Tribunal de commerce, le 26 septembre 2025, n°2025009516

Le Tribunal de commerce spécialisé de Montpellier, le 26 septembre 2025, prononce la liquidation judiciaire d’une société transporteur. Après l’ouverture d’une sauvegarde puis d’un redressement, un plan de cession est arrêté. Les administrateurs judiciaires constatent l’absence d’activité et de salariés. Ils sollicitent la liquidation au titre de l’article L. 631-22 alinéa 3 du code de commerce. Le tribunal fait droit à cette requête et met fin à la période d’observation.

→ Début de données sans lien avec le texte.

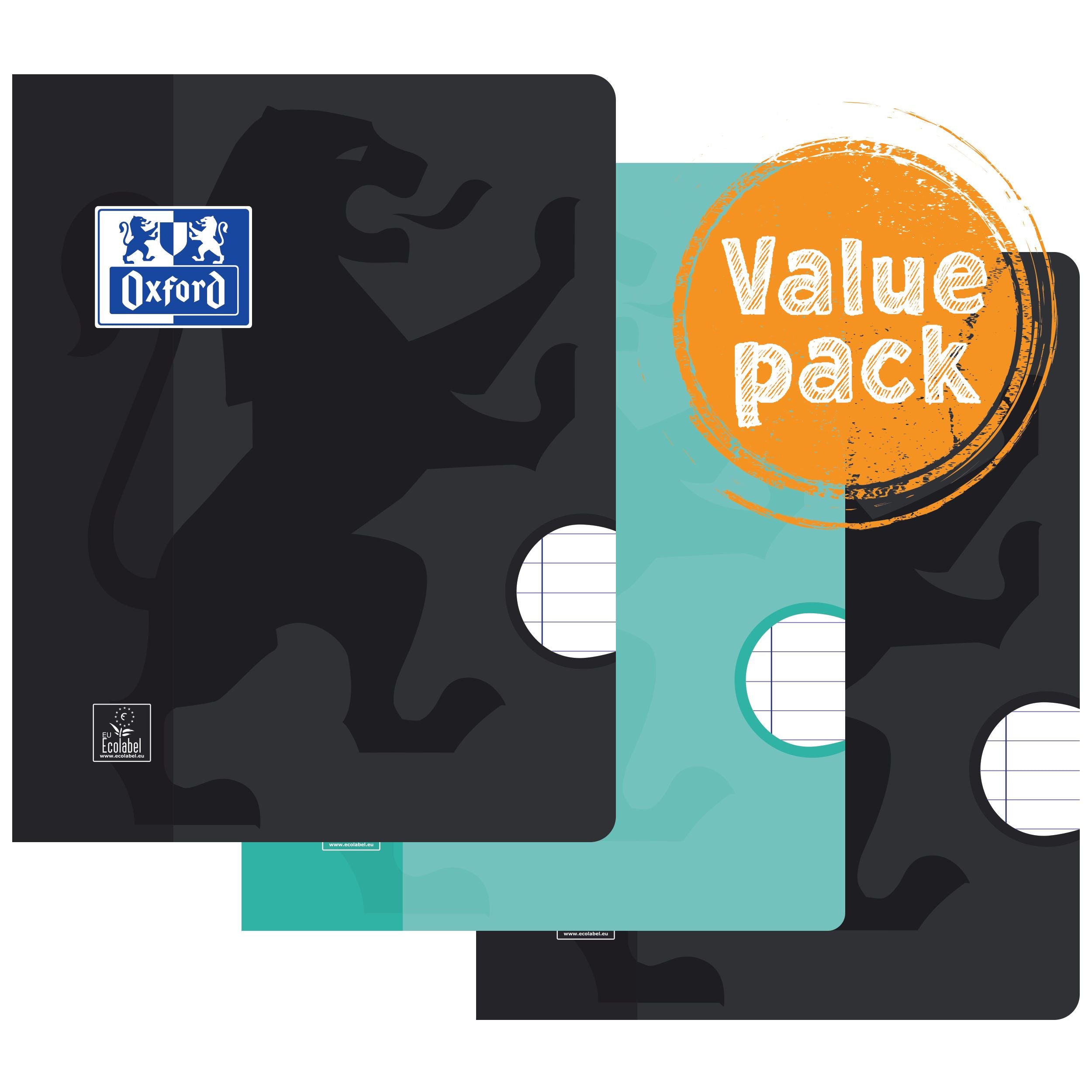 * Een voordeelpak met daarin drie Oxford A4 schriften, twee zwarte en een turquoise.

La fin de la période d’observation consécutive à la liquidation

Le prononcé de la liquidation entraîne l’arrêt immédiat de l’observation. Le tribunal statue après la réalisation de la cession des actifs de l’entreprise. La société cédée ne dispose plus d’activité ni de personnel propre. Le tribunal constate l’impossibilité d’un redressement et prononce la liquidation. Cette décision met un terme définitif à la période d’observation ouverte. « Le tribunal prononce la liquidation, il met fin à la période d’observation » (Cour d’appel de Riom, le 15 janvier 2025, n°24/01218). La portée est immédiate et coupe court à toute prolongation inutile.

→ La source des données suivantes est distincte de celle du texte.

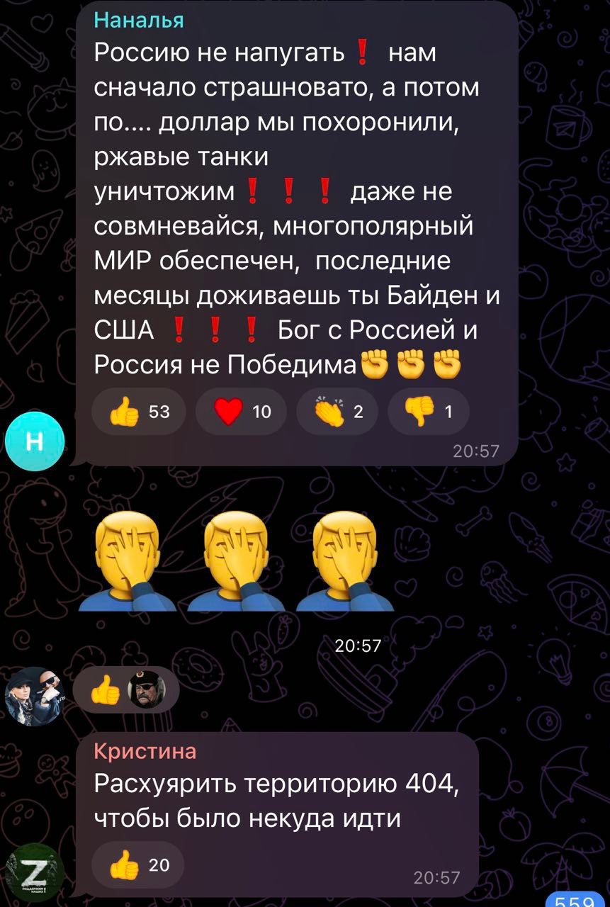 Росіяни проклинають Захід / Скриншот з ворожих пабліків

Le maintien des organes de la procédure pour achever la cession

Les administrateurs et le mandataire judiciaire sont maintenus dans leurs fonctions. Leur mission est de parachever les actes nécessaires à la réalisation de la cession. La cession intervenue ne suffit pas à clore la procédure de redressement. Des formalités subsistent pour régulariser pleinement l’opération de reprise. Le tribunal organise ainsi la transition entre le redressement et la liquidation. La valeur pratique est de garantir la sécurité juridique de la cession réalisée.

Les conditions légales de la conversion d’office en liquidation

Le tribunal fonde sa décision sur l’impossibilité d’un plan de redressement. La société ne présente plus aucun élément actif ou source de revenus propres. Les administrateurs indiquent l’incapacité à apurer le passif existant. Le tribunal applique strictement les conditions de l’article L. 631-22 alinéa 3. Il prononce la liquidation d’office après avoir recueilli l’accord des parties. Cette solution est conforme à une jurisprudence constante sur le sujet.

La confirmation d’une jurisprudence sur l’absence de perspective de redressement

La décision s’inscrit dans le sillage d’une analyse objective des capacités de la société. Elle rejoint une jurisprudence qui exige des perspectives concrètes de continuation. « Aucune perspective d’apurement du passif n’apparaît possible. Dans ces conditions, le tribunal constate qu’aucun plan de redressement ne saurait être mis en œuvre » (Tribunal de commerce de commerce de Grenoble, le 30 mai 2025, n°2025F00911). Le simple transfert d’actifs ne garantit pas la viabilité de l’entité débitrice. La portée est de rappeler le caractère subsidiaire de la liquidation.

Source : Cour de cassation – Base Open Data « Judilibre » & « Légifrance ».